Poison pill - purposely putting in incorrect information that you seeded - if anyone else has it, they must have gotten it (directly or indirectly) from you.

Eg mapping (NAVTEQ/Mapquest/Tele-atlas) - they may put a little dead end road somewhere that doesn't really exist. If they find that dead-end road appearing anywhere else - someone must have ripped them off.

Eg business data - you can slightly modify an address (223 Elm Street instead of the correct 222 Elm Street), or slightly modify the name, or even just put in an incorrect listing.

This happens for all commercial-grade 'data', whatever be it. Data sellers usually do customized poison-pills for every customer, making it damn easy to trace back.

SEOPTI

10:35 pm on Oct 9, 2007 (gmt 0)

Thanks for the info AhmedF I did not know this.
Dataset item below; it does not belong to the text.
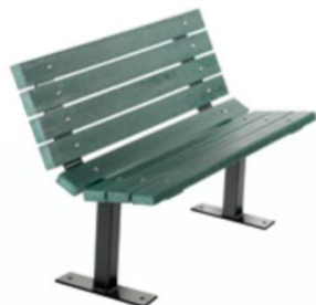
Model PB4-CON | Green

I think it will be really really hard for superpages and local data brokers to find their poison pill because local is fragmented and 99.9% of local webmasters enjoy a nice -950 penalty and additionally 99% of local sites suffer the supplemental index syndrome due to the number of URLs reqired for getting traffic.

[edited by: SEOPTI at 10:36 pm (utc) on Oct. 9, 2007]

AhmedF

4:14 pm on Oct 10, 2007 (gmt 0)

Well - all they do is search Google or Yahoo or MSN for the invalid address/name/whatever, and any site that comes up is using their data.

Cross reference with their customer URLs and voila - you have a list of sites using your data when they shouldn't be :)